Le Soudan revient aussi cette semaine dans les colonnes de la presse allemande. 80 000 personnes ont fui les combats qui ont éclaté dans la zone frontalière entre le Nord et le Sud-Soudan.

Apocalypse à Abyei, titre la Berliner Zeitung dans son édition du 3 juin. Depuis le 31 mai de violents combats opposent la 31ème brigade de l'armée soudanaise, appuyée par des cavaliers arabes, à des unités de la SPLA, l'armée de libération du sud-Soudan, l'ex-rébellion donc. L'émissaire spécial des Etats-Unis pour le Soudan, Richard Williamson, parle d'une atmosphère de fin du monde. Un médecin, autrichien, de Médecins sans Frontières, qui a travaillé auparavant au Darfour estime que, dans une certaine mesure, la situation était meilleure au Darfour où il y a au moins des camps bien organisés. C'est à Abyei et dans les environs, souligne le journal, que se trouvent presque tous les gisements de pétrole du Soudan. Pour le président El-Béchir l''enjeu est donc infiniment plus grand qu'au Darfour. Les deux camps sont de surcroît soumis à une pression extrême. Après l'attaque surprise de rebelles du Darfour sur Khartoum début mai, Omar El Béchir doit faire preuve de fermeté pour apaiser les voix critiques qui s'élèvent dans son propre camp. D'autre part, poursuit le journal, ce conflit autour d'Abyei arrive à point nommé pour les ex-rebelles de la SPLA. La corruption liée à la mauvaise gestion économique les rend de plus en plus impopulaires.
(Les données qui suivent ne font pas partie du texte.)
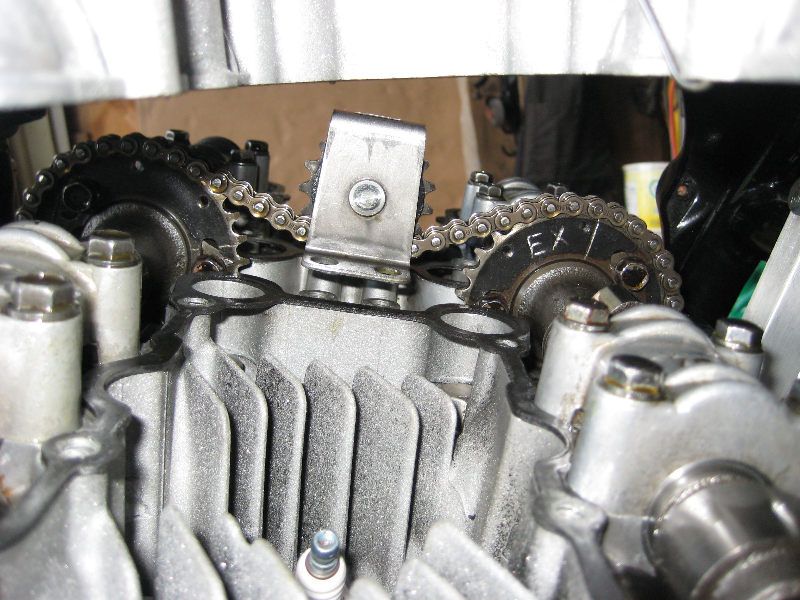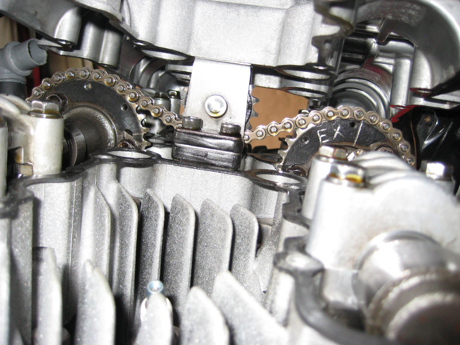 This is the extent that the cam cover could lift up, locked in there by the very top of the center idler bracket.
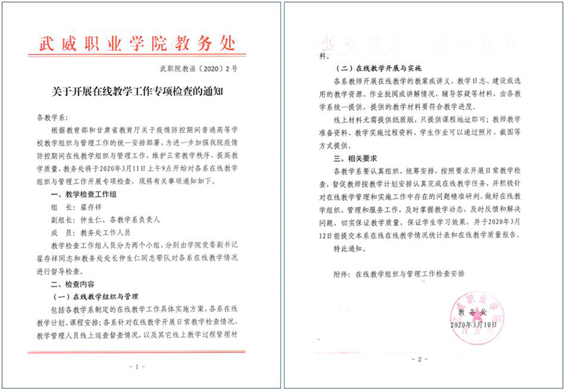各院系及相關(guān)部門要按照教育部和省教育廳關(guān)于疫情防控期間在線教學(xué)工作的文件精神和《武威職業(yè)學(xué)院新型冠狀病毒肺炎疫情防控期間在線教學(xué)工作實(shí)施方案》的相關(guān)要求進(jìn)行全面自查,做到文件精神及要求全部落實(shí)到位、不打折扣;對執(zhí)行情況進(jìn)行認(rèn)真總結(jié),通過自查深入挖掘現(xiàn)階段在線教學(xué)實(shí)施和組織管理過程中的重點(diǎn)問題,利用各系教研活動和教研團(tuán)隊(duì)推動開展教學(xué)研究和人才培養(yǎng)模式改革研究,全面落實(shí)問題導(dǎo)向,推動在線教學(xué)工作落實(shí)落細(xì)落地。
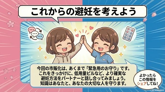 緊急避妊薬はあくまで「緊急用」のお守りです。今回のニュースをきっかけに、普段の避妊方法についても見直してみるのも良いでしょう。コンドームだけでなく、より確実性の高い「低用量ピル」を日常的に服用するなど、自分に合った避妊方法は他にもあります。実際にアフターピルを使用した多くの人が、その後低用量ピルの服用を始めています。自分のライフプランに合わせて、パートナーとしっかり話し合い、自分たちの未来を守るための選択をしていくことが大切です。
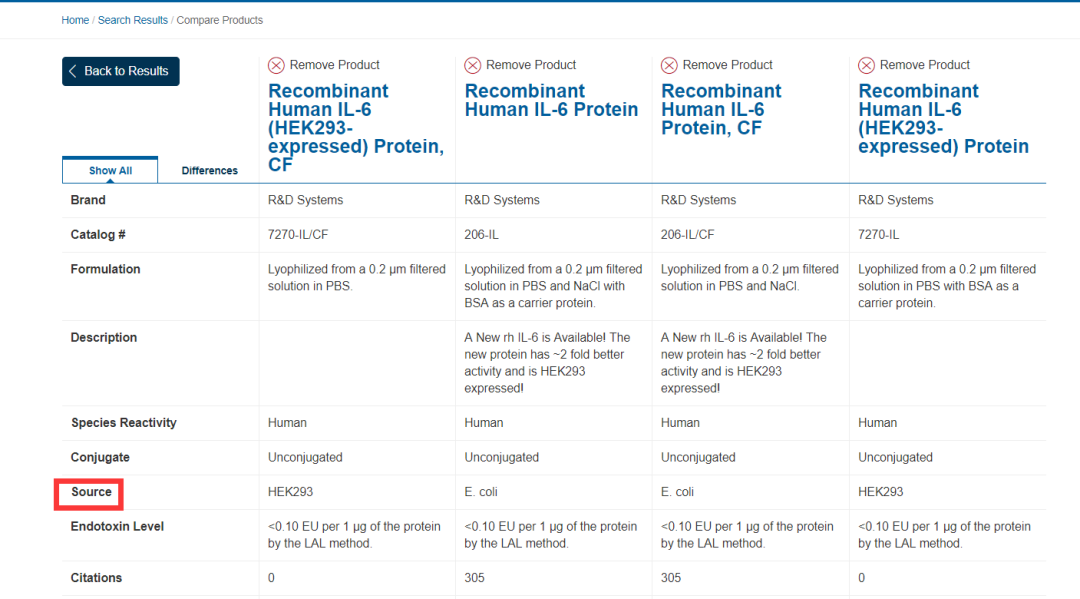 此时会出现这 4 个产品详细的数据对比,该蛋白有 HEK293 和 E.Coli 两个来源:一般来说对原核细胞系(大肠杆菌系统)而言,蛋白没有糖基化,最初可能折叠不正确,但是我们有丰富经验将这些蛋白质重新折叠成正确的结构。
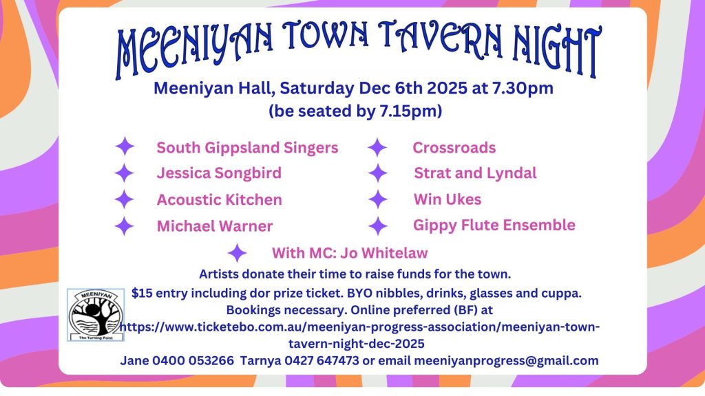 Our last Tavern Night of the year is coming up on Sat Dec 6th at Meeniyan Hall. Be seated by 7.15pm. Don’t miss 3-song performances from favourites Acoustic Kitchen, Jessica Songbird, Gippy Flute Ensemble, Strat and Lyndal, South Gippsland Singers, Win Ukes, Michael Warner and Crossroads.
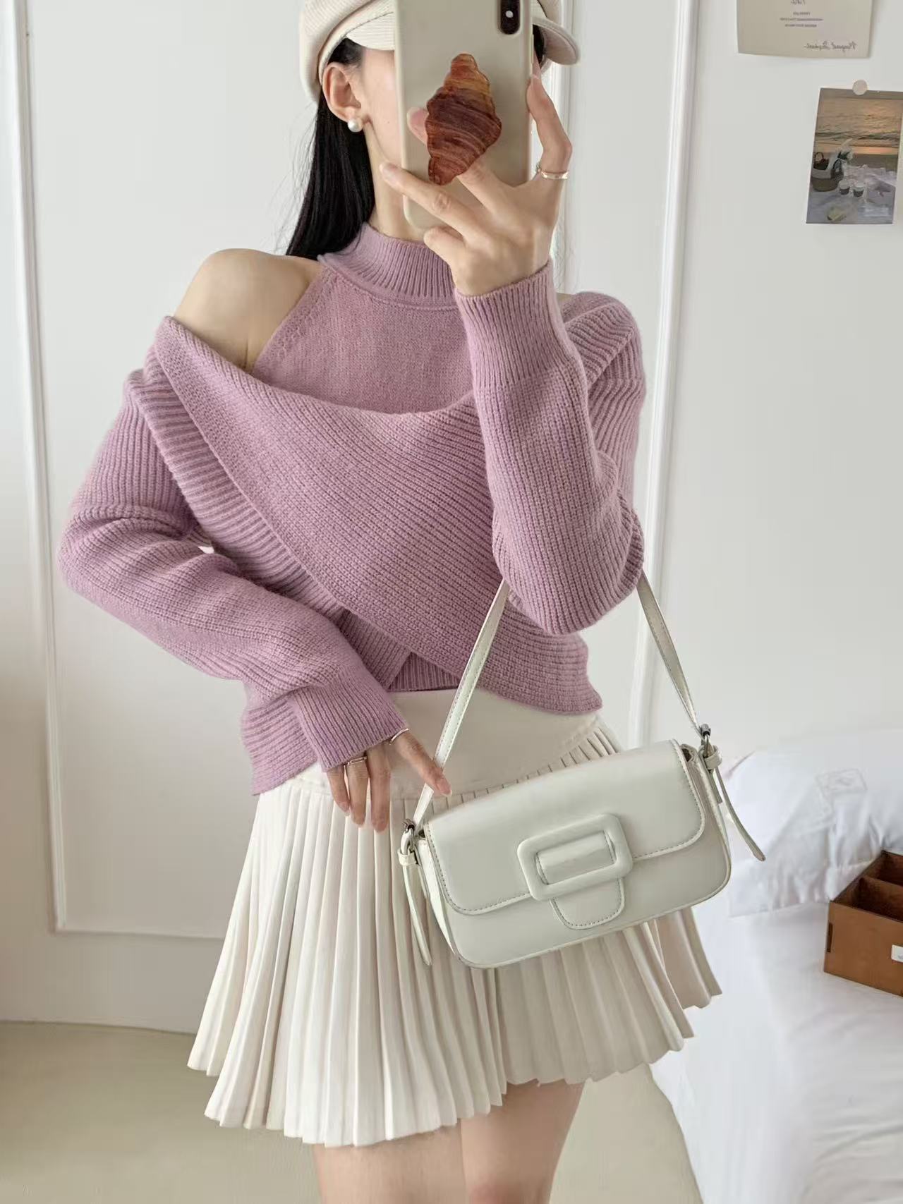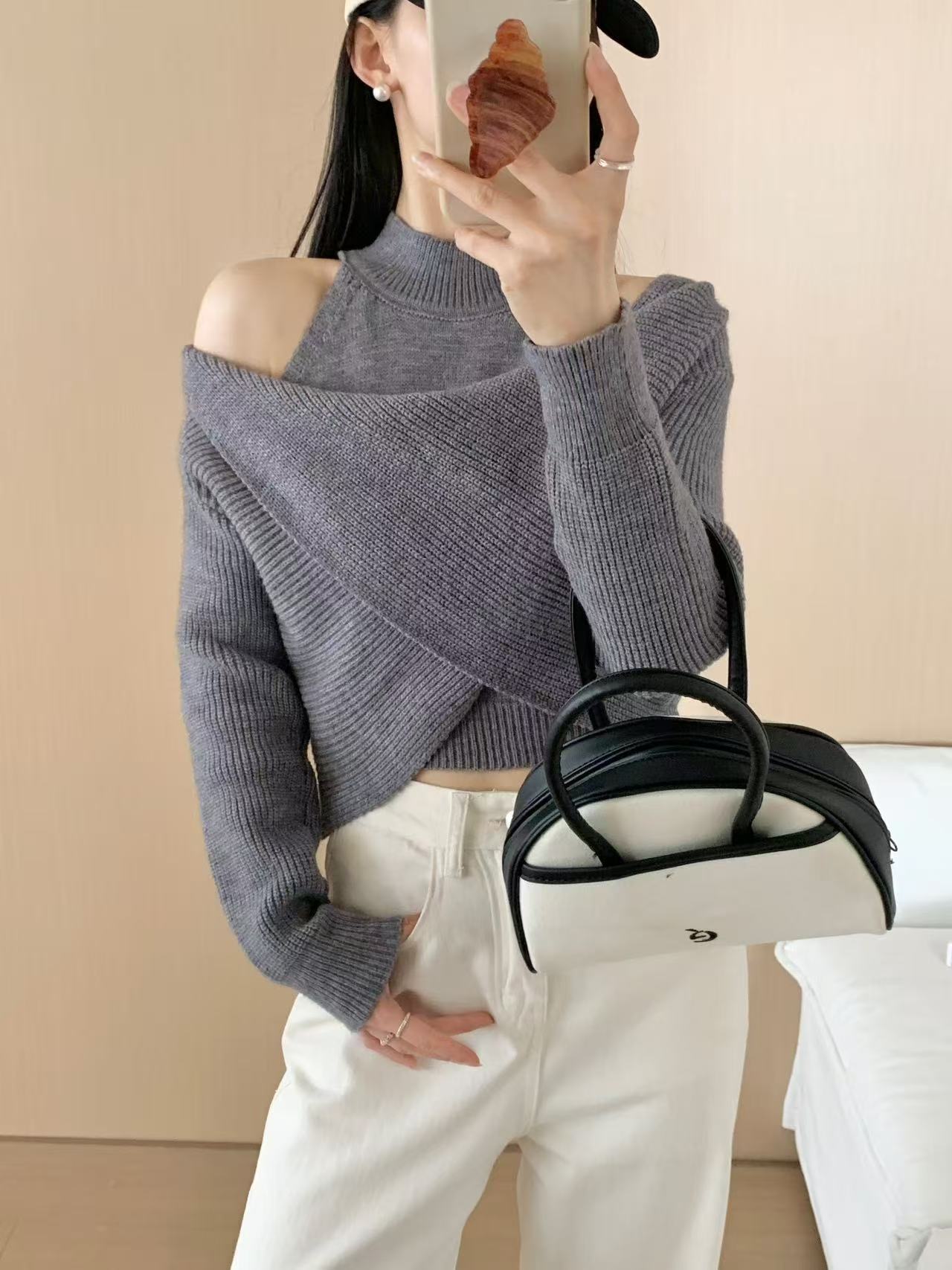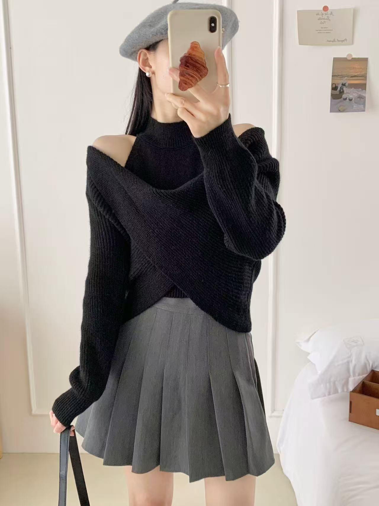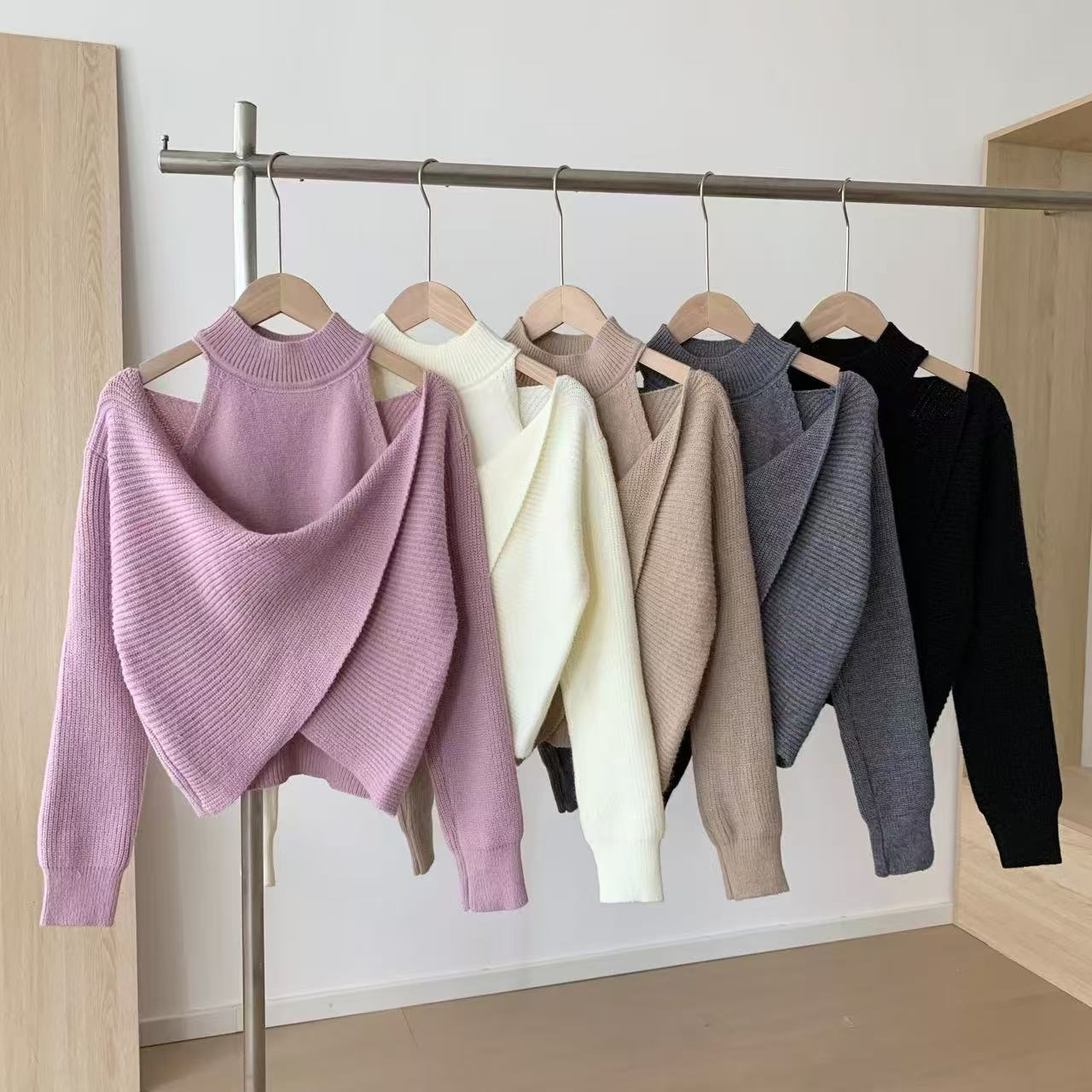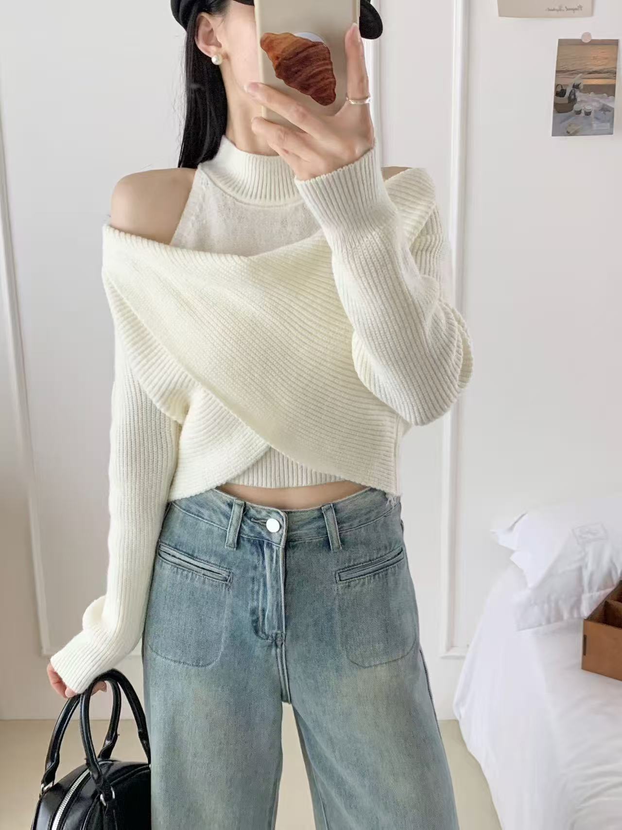 2025 오프 숄더 디자인 틈새 바닥 셔츠 여성 가을, 겨울 하프 터틀넥 가짜 투피스 니트 기질 패션 스웨터 여성스토어 가기
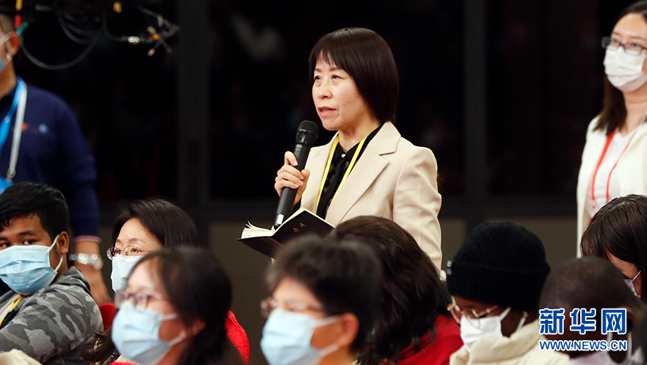 10月18日(星期二)19:30,二十大新聞中心在梅地亞新聞中心二層新聞發(fā)布廳舉辦第二場集體采訪。圖為黨建雜志社記者在分會(huì)場提問。(新華網(wǎng) 陳杰 攝)
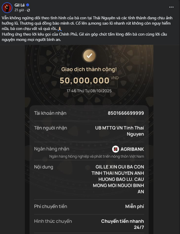 Kèm theo đó Gil Lê đăng ảnh chụp màn hình số tiền 50 triệu đồng đến Ủy ban Mặt trận Tổ quốc Việt Nam - tỉnh Thái Nguyên. Dòng trạng thái này đang nhận về hàng nghìn lượt tương tác, chia sẻ và bình luận.
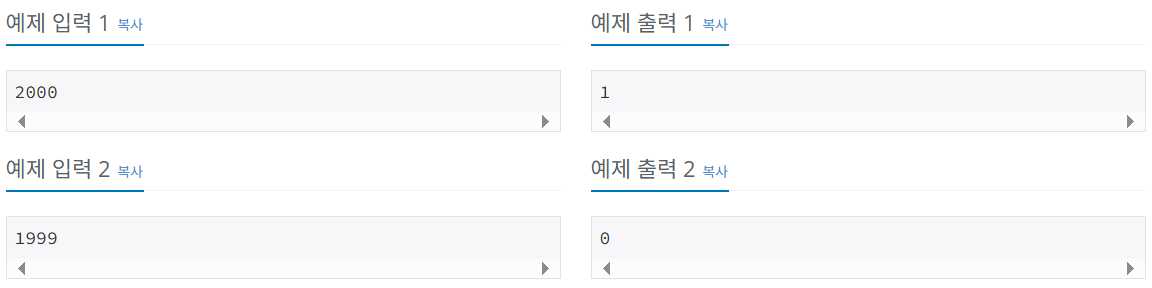 연도가 주어졌을 때, 윤년이면 1, 아니면 0을 출력하는 프로그램을 작성하시오.
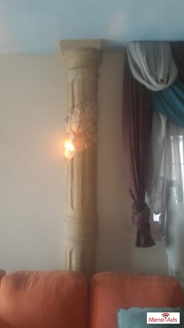 مع عمود هاشمي للانارة يحتوي علي الوبستر وحوائط تجليد هاشمي لباب التراس والسوكلو حجر هاشمي
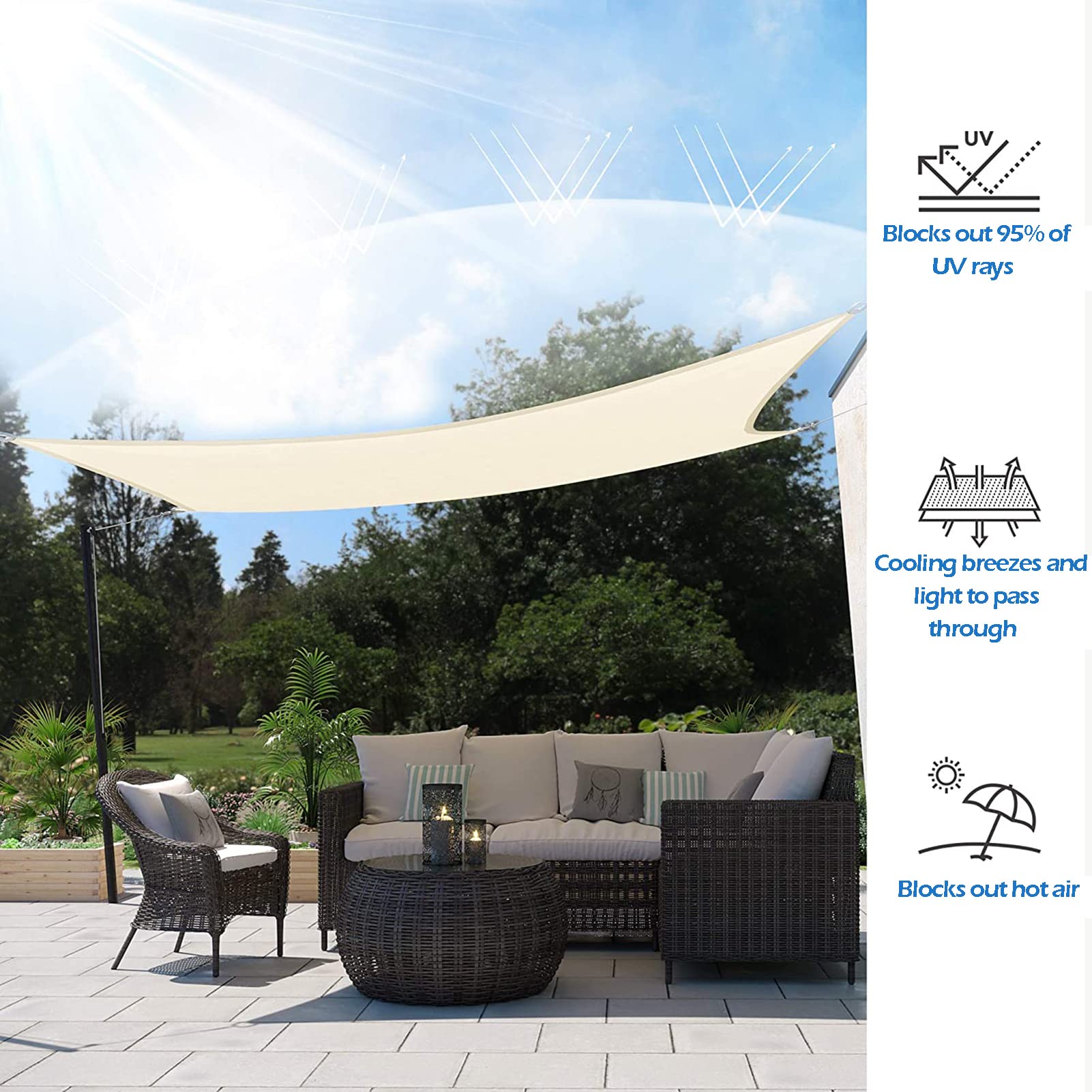 La maille respirante bloque jusqu'à 50~95% des rayons UV, ce qui abaisse considérablement la température et crée un espace extérieur confortable et frais. MAANTA: Toile D'Ombrage Radiale Ajourée Premium Rectangulaire 4X8m Hdpe 320g Couleur Gris Graphite 86815396 Son poids léger et sa durabilité en font un choix supérieur pour tous les types d'applications d'ombrage. Toile D'ombrage Pour Filets Filet D'Ombrage Parfait,Toile D'ombrage De Jardin,90% Résistant Aux UV Fabrique Filet D'ombrage Les 4 coins du filet d'ombrage ont des coins de protection triangulaires. Anti-UV]Bloque la lumière directe du soleil, avec un effet d'ombrage jusqu'à 75%, utilisé pour couvrir les serres, les plantes, les fleurs, la végétation et... Shade Tissu Cloth peut être utilisé pour protéger votre patio, pelouse, jardin, serre, piscine, ombrage de parking, chenils de chien et auvents, Backyard Dog Runs, ombrage de site de camping et rideau de trappe arrière;également Ce filet de tissu solaire d'ombre peut créer de l'ombre partout où vous avez besoin, y compris la couverture des plantes, bâche d'ombre, couverture de camion, enceinte, barrière de site, clôture de confidentialité, couverture de chenil, concombres, fraises, pastèques, laitue et haricots polonais et autre lieu de vie extérieur. Le filet d'ombrage est fabriqué avec du polyéthylène haute densité. Il reluque les rayons UV nocifs du soleil et diminue la termperature de manière significative par rapport aux tissus d'ombrage ordinaires.
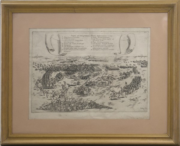 "Scene di battaglia" coppia di acqueforti (mm 293x414 all'impronta). In cornici
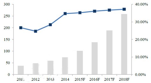2015-2018 年中國大數據市場規模預測(單位:億元)

Enfin la presse allemande nous livre cette semaine une réflexion sur l'aide à l'Afrique. Elle est publiée dans le quotidien Die Welt et signée Tobias Kahler, le directeur de la section allemande de DATA, une association dont le sigle anglais signifie Dette, sida, commerce, Afrique. Il est vrai, lit-on dans cette tribune libre, que les défis de l'Afrique sont immenses. Il est vrai que l'objectif de l'aide est de devenir superflue. Mais il est vrai aussi que la nouvelle aide au développement s'est libérée depuis longtemps des griffes de la politique de puissance de la guerre froide. Le nombre d'enfants qui aujourd'hui vont à l'école en Afrique a augmenté de 29 millions par rapport à il y a neuf ans. Il y a aussi des échecs, poursuit Tobias Kahler. Mais détruit-on une maison neuve parce qu'on s'est trompé dans les mesures d'une porte. A l'avenir nous pourrions fortement profiter d'un commerce dynamique avec l'Afrique, un marché de près d'un milliard de personnes, à 14 km de l'Europe. N'abandonnons pas les relations avec l'Afrique à des pays comme la Chine. Nous devons résoudre aujourd'hui les problèmes de l'Afrique pour qu'ils ne deviennent pas les nôtres demain. Tenir les promesses faites à l'Afrique est un investissement dans notre propre avenir. C'est pour l'Allemagne une question de crédibilité, de sécurité et de prospérité.